Hong Kong believes stablecoin volatility can spillover to traditional finance

Regulation

The fall of crypto giants this year reignited questions about the stability of cryptocurrencies and their impact on fiat ecosystems. Hong Kong Monetary Authority (HKMA) assessed the situation and found that the instabilities of crypto assets, including asset-backed stablecoins, can potentially spill over to the traditional financial system.

The HKMA assessment on asset-backed stablecoins pointed out the risks of liquidity mismatch, negatively impacting their stability during “fire-sale” events. A fire sale event relates to a momentary price fluctuation when investors can purchase stablecoins cheaper than their market price — a phenomenon noticed during the Terra crash.
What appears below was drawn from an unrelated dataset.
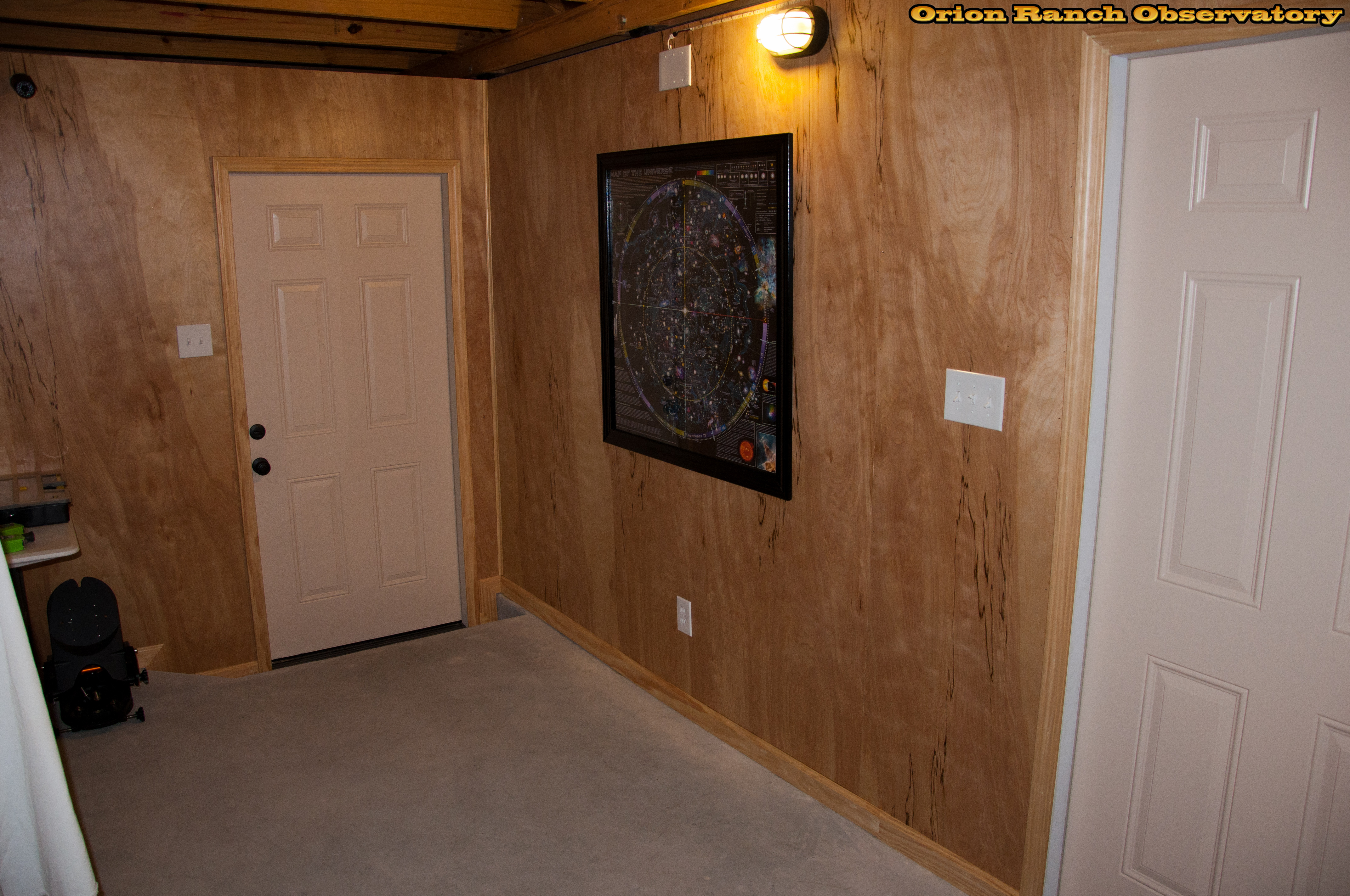 Hanging the Map of the Universe poster on the big open wall between observatory and warm room entrances.

According to Hong Kong’s central bank, the interconnection of crypto assets has made the crypto ecosystem more vulnerable to systematic shocks. In addition, the increase in crypto exposure from financial institutions can be subject to knock-off effects from abrupt developments in cryptocurrency prices:

“The growing size of asset-backed stablecoins, together with their inherent risks, could make asset-backed stablecoins a potential magnifier of the volatility spillover from crypto to traditional financial assets.”
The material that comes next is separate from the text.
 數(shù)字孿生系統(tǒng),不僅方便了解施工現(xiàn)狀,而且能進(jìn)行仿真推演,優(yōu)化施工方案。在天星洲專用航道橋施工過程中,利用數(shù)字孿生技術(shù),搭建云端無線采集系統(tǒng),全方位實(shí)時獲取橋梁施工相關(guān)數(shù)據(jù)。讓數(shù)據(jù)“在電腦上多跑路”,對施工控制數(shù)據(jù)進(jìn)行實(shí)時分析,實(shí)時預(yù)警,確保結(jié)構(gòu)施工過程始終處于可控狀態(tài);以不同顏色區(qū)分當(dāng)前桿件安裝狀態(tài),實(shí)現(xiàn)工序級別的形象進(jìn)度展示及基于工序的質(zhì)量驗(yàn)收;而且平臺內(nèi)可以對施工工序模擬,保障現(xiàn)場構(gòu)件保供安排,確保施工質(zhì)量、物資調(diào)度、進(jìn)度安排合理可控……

The flowchart shared by HKMA suggests that fluctuations in the price of asset-backed stablecoins could result in reserve adjustment by stablecoins. This is mainly driven by the assumption that the demand and supply of stablecoins can trigger volatility in their price.

The study also recalled the crash of Terra USD (UST), an algorithmic stablecoin issued by Terraform Labs, which had caused mass redemption of Tether (USDT). In this light, HKMA recommended standardizing regular disclosures that can help regulators inspects liquidity conditions and risks.

The second recommendation for regulators is to strengthen the asset-backed stablecoins’ liquidity management via restrictions on the composition of reserve assets.

Related: Could Hong Kong really become China’s proxy in crypto?

The Securities and Futures Commission of Hong Kong advised management companies looking to offer exchange-traded fund (ETF) offerings to “have a good track record of regulatory compliance,” among other requirements.

The SFC circular came as part of a policy update from Hong Kong’s government, which announced its readiness to engage with global crypto exchanges on regulatory issues.